Ich nickte zögernd. »Ich werde es wohl einfach drauf ankommen lassen müssen, wenn wir uns wiederbegegnen. Lebt er denn hier in der Nähe?«

»Er hat ein Stadthaus hier in Palma, etwas kleiner als unseres«, antwortete Maddy, »aber die meiste Zeit verbringt er in Sóller, wo er eine wunderschöne Finca und eine riesige Orangenplantage besitzt.«

Ich sah Maddy erstaunt an. »Francisco baut Orangen an?«

Maddy schmunzelte über meine Überraschung. »Ja. Allem Anschein nach hat er wohl ziemlich turbulente Zeiten erlebt, darum war es ihm ganz recht, mal ein paar ruhigere Jahre zu verbringen. Aber das soll er dir lieber alles selbst erzählen. Wenn du einverstanden bist, machen wir morgen einen Ausflug nach Sóller und besuchen ihn dort?«

Entschlossen reckte ich mein Kinn in die Höhe. »Gerne! Man soll sich seinen Herausforderungen stellen!«

Maddy kicherte. »Gemma, du hast schon in so vielen Situationen unerschrockenen Mut bewiesen. Nur, wenn es um Gefühle geht, bist du ein Hasenfuß.«

Gespielt beleidigt streckte ich ihr die Zunge heraus. Dann brachen wir beide in Lachen aus.

 

 

Etwas mühsam rumpelten unsere Kutschen die steinigen Wege in das Tramuntana-Gebirge hinauf. Wir hatten bereits eine gewisse Wegstrecke durch das Binnenland Mallorcas hinter uns gebracht, waren durch verschlafene kleine Dörfchen und an herrschaftlichen Villen und Fincas vorbei gekommen. Zu Fuß wären Maddy, Miguel und ich sicherlich schneller vorangekommen, doch so einsam war diese Gegend nun auch wieder nicht, als dass wir diese auffällige Fortbewegungsweise gewagt hätten. Dafür ermöglichte das langsame Tempo unserer Kutschen es uns wiederum, den famosen Blick auf die Berge der Serra de Tramuntana zu genießen.

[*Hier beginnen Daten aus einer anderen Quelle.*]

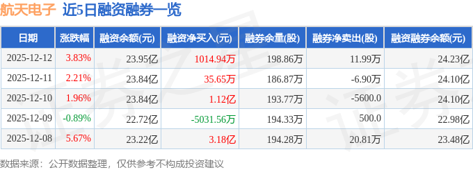航天电子融资融券信息显示,融资方面,当日融资买入8.19亿元,融资偿还8.09亿元,融资净买入1014.94万元,连续3日净买入累计1.23亿元。融券方面,融券卖出12.33万股,融券偿还3400.0股,融券余量198.86万股,融券余额2859.61万元。融资融券余额24.23亿元。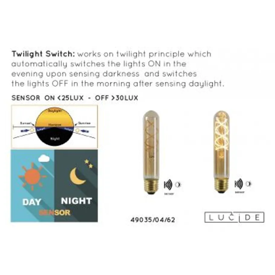 Lucide T32 TWILIGHT SENSOR – Filament lamp Buiten – Ø 3,2 cm – LED – E27 – 1x4W 2200K – Amber Outlet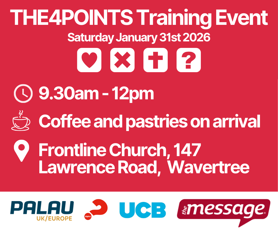 We’ll teach you how to tell people about Jesus using the tried and tested 4POINTS method – and how to train others to do it too.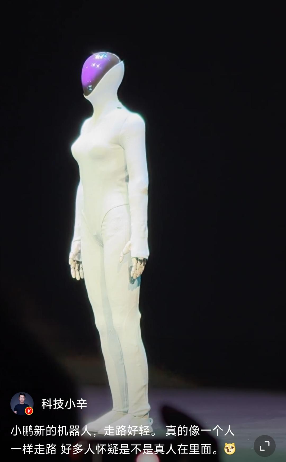 小鹏发布会 这个机器人炸锅了,网上铺天盖地都在讨论 里边是不是套了个真人? 我只能说何小鹏太牛了 如果这是真正的机器人 那么就光凭这个走路的姿态,小鹏这家公司,真的已经走在了科技的前沿,在拟人态这方面遥遥领先,非常厉害 这里边不是真的机器人 是真人套了层衣服,那么光凭这个胆量,小鹏这家公司 已经走在了时代前沿,相当厉害了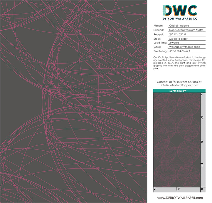 Our Orbital pattern draws allusions to the imagery created using Spirograph, the design toy released in 1967. The light and airy swirling graphic line forms are both elegant and complex.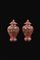 Coppia di vasetti in lacca a tre colori con coperchio e decori di personaggi in giardino, Cina dinastia Qing, XVIII Sec.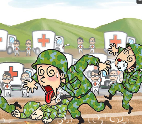 后備司令部表示,這次新兵訓(xùn)練的結(jié)訓(xùn)體能檢測,原本是在7月20日實(shí)施3000米跑步,因天氣炎熱延到前天實(shí)施,但當(dāng)時氣溫仍高達(dá)攝氏36度,再延到下午5時,直到5時多溫度降到32度,才進(jìn)行新兵3000米徒手跑步,醫(yī)官、護(hù)士及救護(hù)車在旁戒護(hù)。跑完步后,有幾名士兵呼吸急促、體溫上升,才由救護(hù)車送往醫(yī)院治療。根據(jù)最新版體測標(biāo)準(zhǔn),19至22歲一般役男,3000米的及格成績是14分鐘。

Als wir schließlich den letzten Pass überwunden hatten, bot sich uns eine grandiose Aussicht auf das Tal von Sóller sowie das Städtchen selbst mit seinen großen Villen und pittoresken Häuschen und auf die vielen Orangenplantagen ringsum. Deren leuchtende Früchte wurden deutlich erkennbar, sobald wir näher kamen, und erschienen selbst mir appetitanregend, obwohl Früchte schon seit langer Zeit nicht mehr zu meinem Speiseplan gehörten.

Franciscos Finca lag etwas außerhalb und er wartete zusammen mit seiner Dienerschaft bereits vor dem Haupthaus auf uns, als unsere Kutschen langsam auf das Gebäude zurollten. Er überragte seine Dienstboten um deutlich mehr als eine Haupteslänge und mir ging durch den Kopf, dass die Funktion eines Großgrundbesitzers ihm doch viel besser zu Gesicht stand, als ich ursprünglich angenommen hatte.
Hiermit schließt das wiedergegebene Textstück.